** WHAT THIS TASK INVOLVES **
A word-for-word reproduction of the data below is needed, with no pictures in it.

** INPUT FOR THIS TASK **
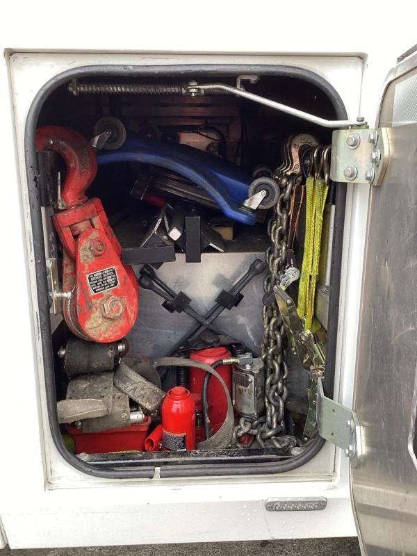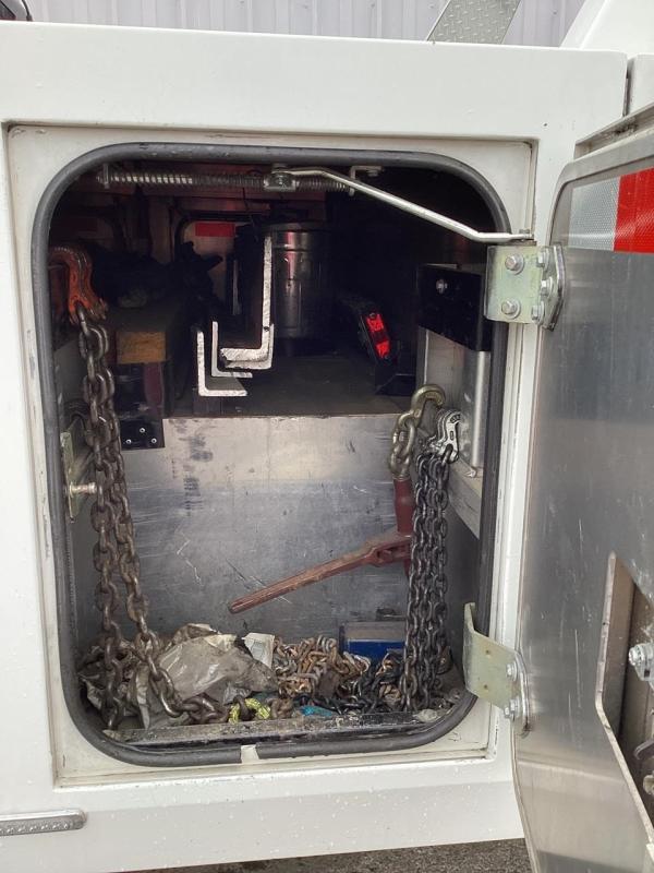 Chevron 1016 Model 16 ton Boom Dual 15K planetary Winches 1/2" x 150' cable per drum Cable tensioners (Installed) 12,500 Under lift Rating Retracted 87" Reach under lift to Centerline of Forks Aluminum Modular body sides Through box (Tunnel) aluminum Dual control Stations Tool compartment Closures on all Doors One pair of 3" Forks One pair of 4" Forks Spring fork adapters Low Profile offset fork holders Under lift Crossbar Extensions Elevated Fork holders.Releasable "L" Arms - Recessed in body Wheelift Strap and Ratchets Safety Chain pockets Safety Chains FMVS -108 lighting Rear "D" Rings Lubrication Fittings on all Pivot points Backup alarm 96" Body Width Boom. Body Serial # 10114653
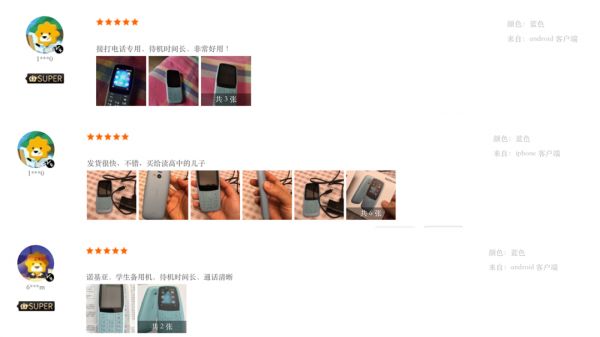 从 Nokia 220、105 和 125 的百条电商评价中,也能窥探到目前还在买「功能机」群体们的目的。
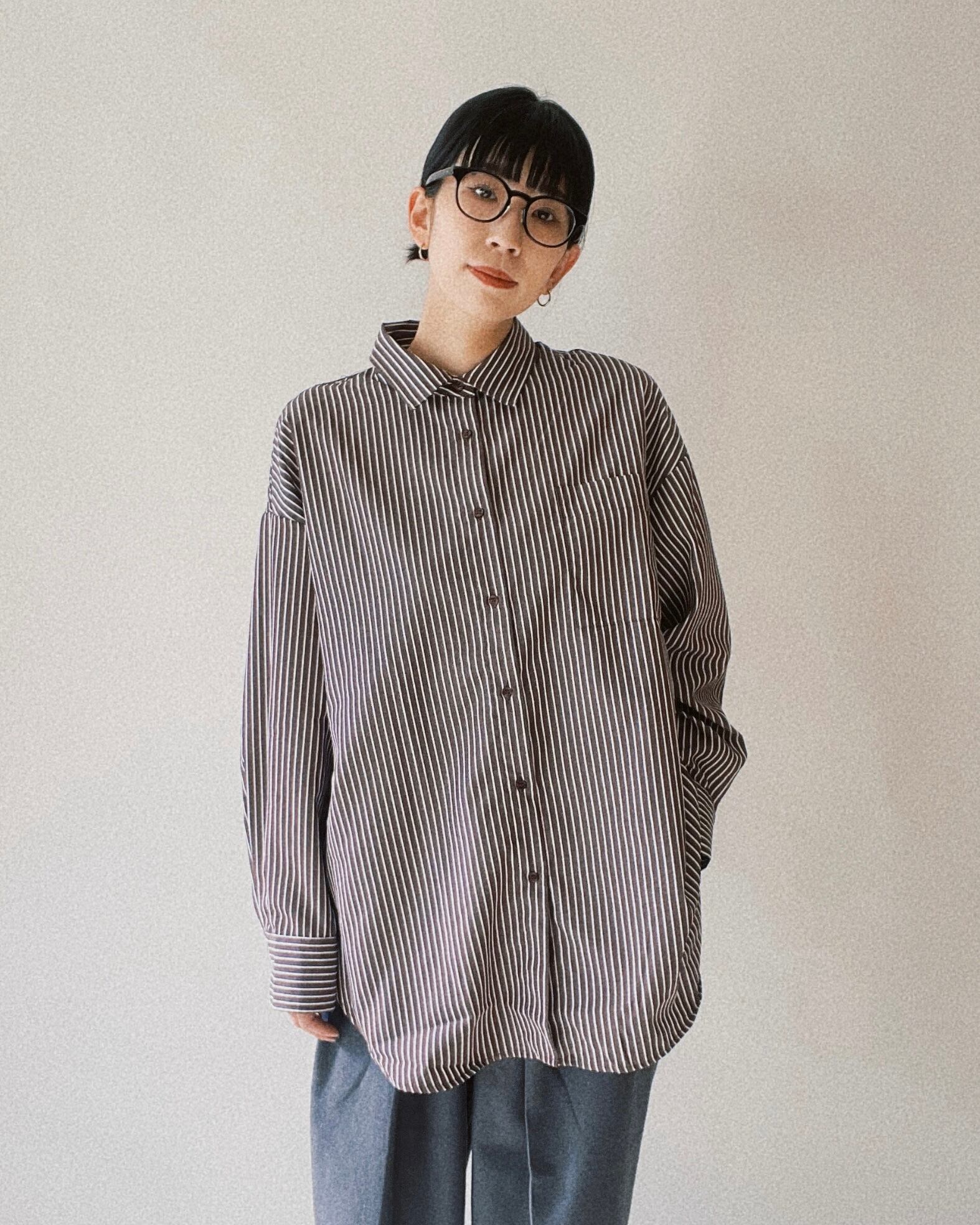 ゆったりしたサイズ感がメンズライクなストライプシャツ。
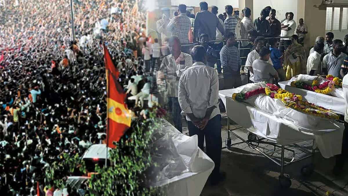 கரூர் வேலாயுதம்பாளையத்தில் த.வெ.க. சார்பில் நடைபெற்ற பிரசார கூட்டத்தில், கட்சித் தலைவர் விஜய் பங்கேற்று உரையாற்றிய போது ஏற்பட்ட கூட்ட…
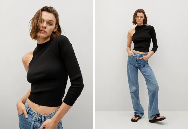 Esta pieza de diseño casual para la mujer elegante, jovial, de comodidad extrema, sin quitar nada del glamour de la mujer que le gusta lucir a la moda. Esta prenda de vestir esta tejida con de punto de canalé, con diseño que se entalla a tu cuerpo, con descote asimétrico, sin mangas, con tirantes anchos, con un diseño estándar, diseñado exclusivamente para ti, puedes ubicar este top en cualquiera de las tiendas de Mango por tan solo 19.99 euros.
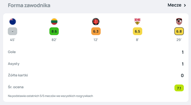 W bieżącym sezonie pomocnik reprezentacji Polski wystąpił w 17 spotkaniach we wszystkich rozgrywkach. Jego bilans to dwa gole i dwie asysty.
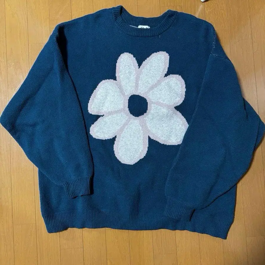 • 3.14 오버 사이즈 스웨터 블랙 꽃 디자인 니트 가을/겨울
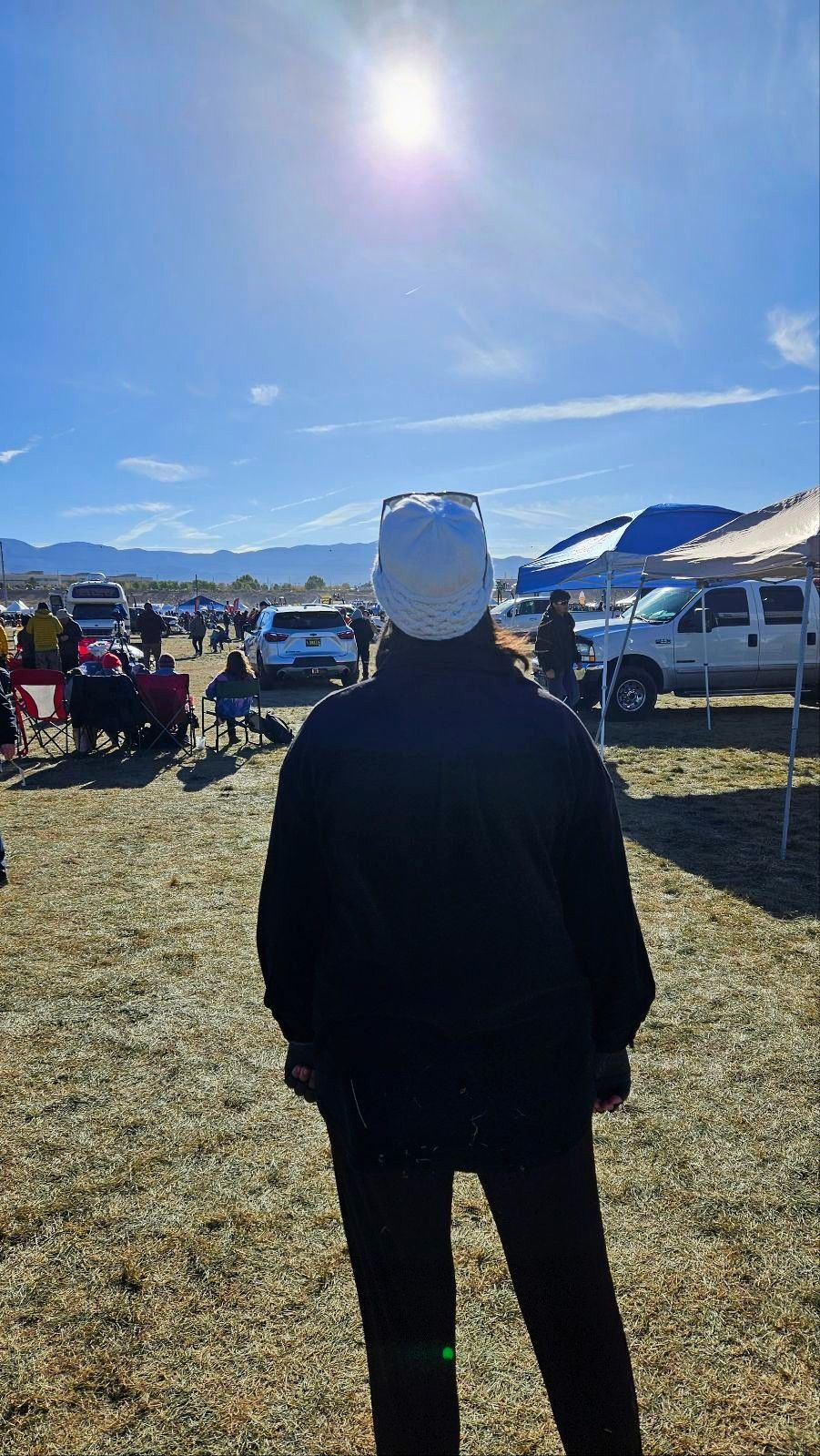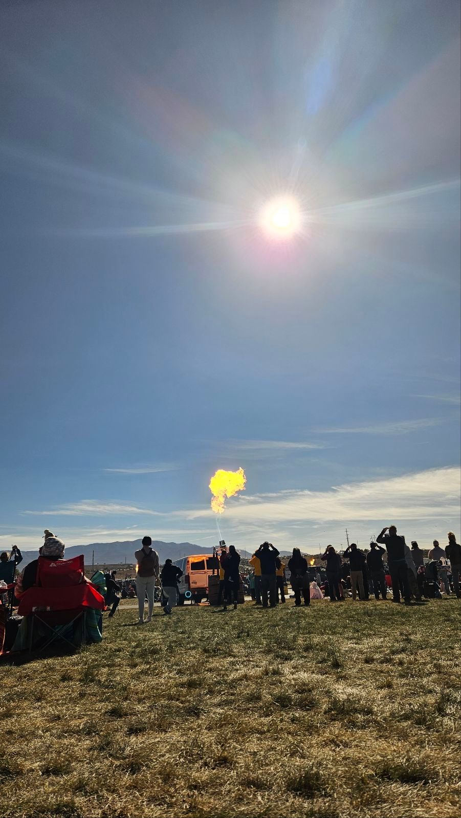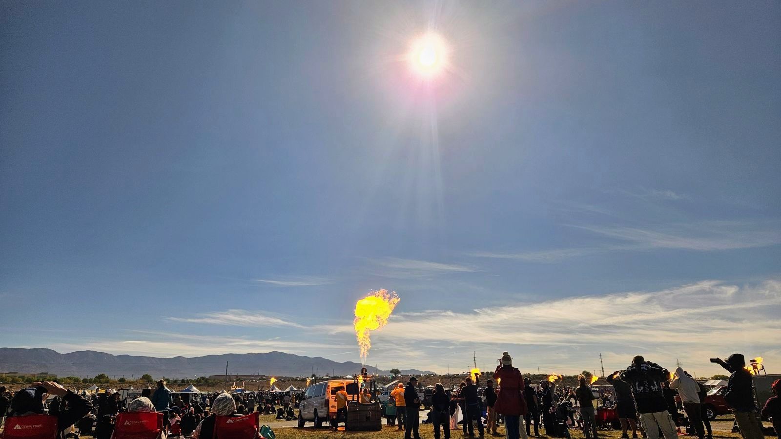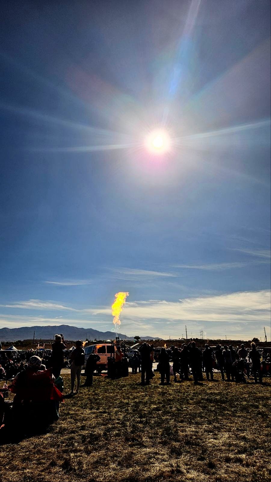 Experiencing the solar eclipse at the Balloon Fiesta was a unique experience. The plan was to have a balloon glow during the peak when everything was a bit darker. Unfortunately, the winds weren't conducive to inflating the balloons, so instead the pilots burned their gas in a "candlestick glow" as the ring of fire appeared in the sky. I tried to capture both the fire and eclipse in the same shot, but I wasn't at an optimal angle. The filters made the fire look extra orange, though, which was quite mystical!
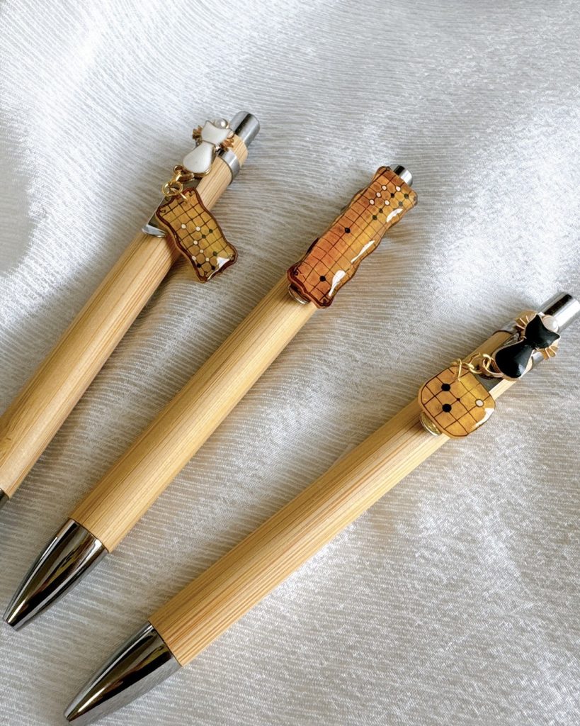今は囲碁をモチーフにしたアクセサリーを作っています。あとはボールペンとかしおりです。囲碁を打つ以外にも、もっと楽しめるようにと思っています。
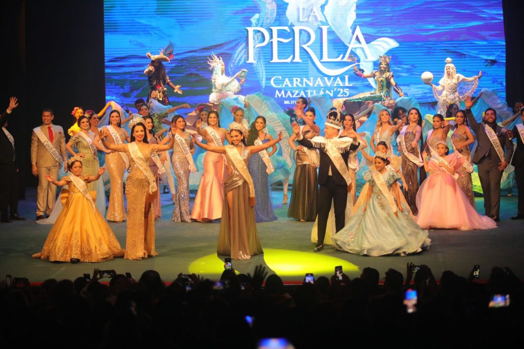 La presentación del tema y aspirantes a las coronas de la máxima fiesta porteña tuvo un final festivo con bailes y música sinaloense y la presencia en escena de los hombres, las mujeres y las niñas que competirán por conquistar los reinados del Carnaval Internacional Mazatlán 2025.
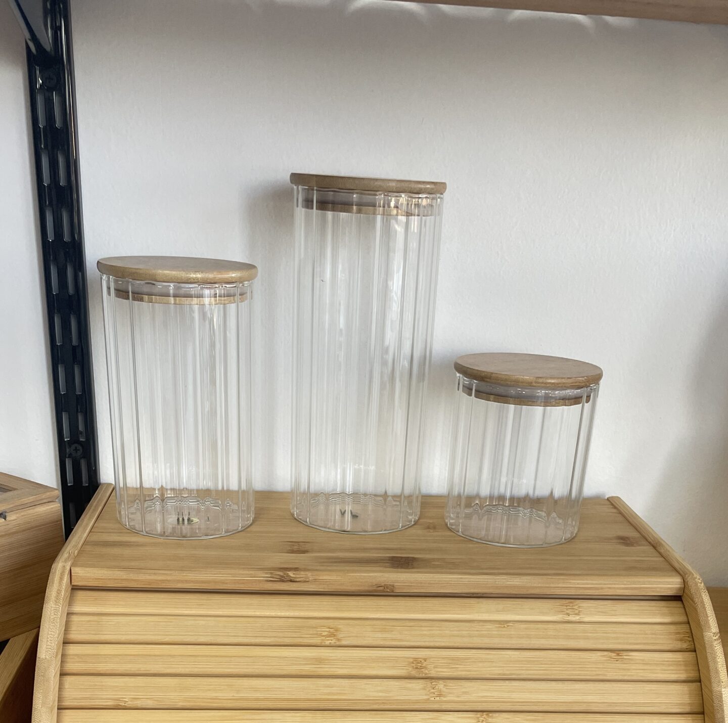 El frasco de vidrio con tapa de bambú hermética y detalle de labrado en rayas es una opción práctica y decorativa para almacenar distintos alimentos. Su diseño transparente permite ver fácilmente el contenido, mientras que el relieve de rayas aporta un estilo elegante y diferente.

** SOLUTION FOR THIS TASK **
 Chevron 1016 Model 16 ton Boom Dual 15K planetary Winches 1/2" x 150' cable per drum Cable tensioners (Installed) 12,500 Under lift Rating Retracted 87" Reach under lift to Centerline of Forks Aluminum Modular body sides Through box (Tunnel) aluminum Dual control Stations Tool compartment Closures on all Doors One pair of 3" Forks One pair of 4" Forks Spring fork adapters Low Profile offset fork holders Under lift Crossbar Extensions Elevated Fork holders.Releasable "L" Arms - Recessed in body Wheelift Strap and Ratchets Safety Chain pockets Safety Chains FMVS -108 lighting Rear "D" Rings Lubrication Fittings on all Pivot points Backup alarm 96" Body Width Boom. Body Serial # 10114653
 从 Nokia 220、105 和 125 的百条电商评价中,也能窥探到目前还在买「功能机」群体们的目的。
 ゆったりしたサイズ感がメンズライクなストライプシャツ。
 கரூர் வேலாயுதம்பாளையத்தில் த.வெ.க. சார்பில் நடைபெற்ற பிரசார கூட்டத்தில், கட்சித் தலைவர் விஜய் பங்கேற்று உரையாற்றிய போது ஏற்பட்ட கூட்ட…
 Esta pieza de diseño casual para la mujer elegante, jovial, de comodidad extrema, sin quitar nada del glamour de la mujer que le gusta lucir a la moda. Esta prenda de vestir esta tejida con de punto de canalé, con diseño que se entalla a tu cuerpo, con descote asimétrico, sin mangas, con tirantes anchos, con un diseño estándar, diseñado exclusivamente para ti, puedes ubicar este top en cualquiera de las tiendas de Mango por tan solo 19.99 euros.
 W bieżącym sezonie pomocnik reprezentacji Polski wystąpił w 17 spotkaniach we wszystkich rozgrywkach. Jego bilans to dwa gole i dwie asysty.
 • 3.14 오버 사이즈 스웨터 블랙 꽃 디자인 니트 가을/겨울
 Experiencing the solar eclipse at the Balloon Fiesta was a unique experience. The plan was to have a balloon glow during the peak when everything was a bit darker. Unfortunately, the winds weren't conducive to inflating the balloons, so instead the pilots burned their gas in a "candlestick glow" as the ring of fire appeared in the sky. I tried to capture both the fire and eclipse in the same shot, but I wasn't at an optimal angle. The filters made the fire look extra orange, though, which was quite mystical!
今は囲碁をモチーフにしたアクセサリーを作っています。あとはボールペンとかしおりです。囲碁を打つ以外にも、もっと楽しめるようにと思っています。
 La presentación del tema y aspirantes a las coronas de la máxima fiesta porteña tuvo un final festivo con bailes y música sinaloense y la presencia en escena de los hombres, las mujeres y las niñas que competirán por conquistar los reinados del Carnaval Internacional Mazatlán 2025.
 El frasco de vidrio con tapa de bambú hermética y detalle de labrado en rayas es una opción práctica y decorativa para almacenar distintos alimentos. Su diseño transparente permite ver fácilmente el contenido, mientras que el relieve de rayas aporta un estilo elegante y diferente.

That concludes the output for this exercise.